Jimmersg: Did you make a drain for yours? Just curious as to where the water goes when the ice starts to melt? Is there enough room on the bottom for it to pool? Thanks!


----------



## jimmersg (Sep 30, 2003)

*Drainage*



Kenpilot said:


> Jimmersg: Did you make a drain for yours? Just curious as to where the water goes when the ice starts to melt? Is there enough room on the bottom for it to pool? Thanks!

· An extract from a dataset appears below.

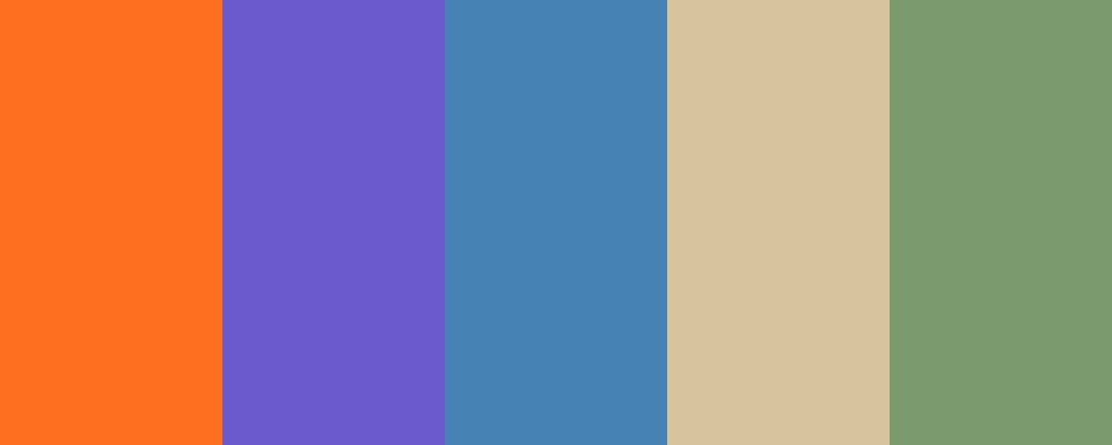 This palette captures the essence of a summer evening with warm oranges reminiscent of the setting sun, calming purples and blues to reflect the twilight sky, and earthy greens and sandy tones that ground the palette in nature.

Kenpilot; funny my Uncle just ask the same question today after he finished building his. I have not had any issues with drainage yet. I have a slightly slopped front yard and have tubes running the fog were I want it. The Trash can itself is not in the line of TOT trails so no puddles 
I Live in North Carolina so it really does not get cold on Halloween and for some reason you compact 50-60lbs of ice together in a trash can and it does not melt as much as you would think.. Shoot I leave the trash cans out until the next morning and dump them out; then when I am all done cleaning up the day after like it never happened all people see that come by and wonder where everything went is two large mounds of ICE


----------



## davy2 (Sep 10, 2008)

also, if you have a West Marine nearby, they have the mesh bags
West Marine: Large Mesh Bag Product Display

Thanks, JimmersG, I'm going to try to build this one...a bit worried about cutting the bar-b-q screen, may have to use my trusty dremel


----------



## Kenpilot (Jul 9, 2007)

jimmersg said:


> Kenpilot; funny my Uncle just ask the same question today after he finished building his. I have not had any issues with drainage yet. I have a slightly slopped front yard and have tubes running the fog were I want it. The Trash can itself is not in the line of TOT trails so no puddles
> I Live in North Carolina so it really does not get cold on Halloween and for some reason you compact 50-60lbs of ice together in a trash can and it does not melt as much as you would think.. Shoot I leave the trash cans out until the next morning and dump them out; then when I am all done cleaning up the day after like it never happened all people see that come by and wonder where everything went is two large mounds of ICE


LOL thats too funny! I wasnt sure if I should add a small water drain at the bottom of the Trash can but if it doesnt melt too fast and pool on the bottom I guess you really dont need one!  Thanks!


----------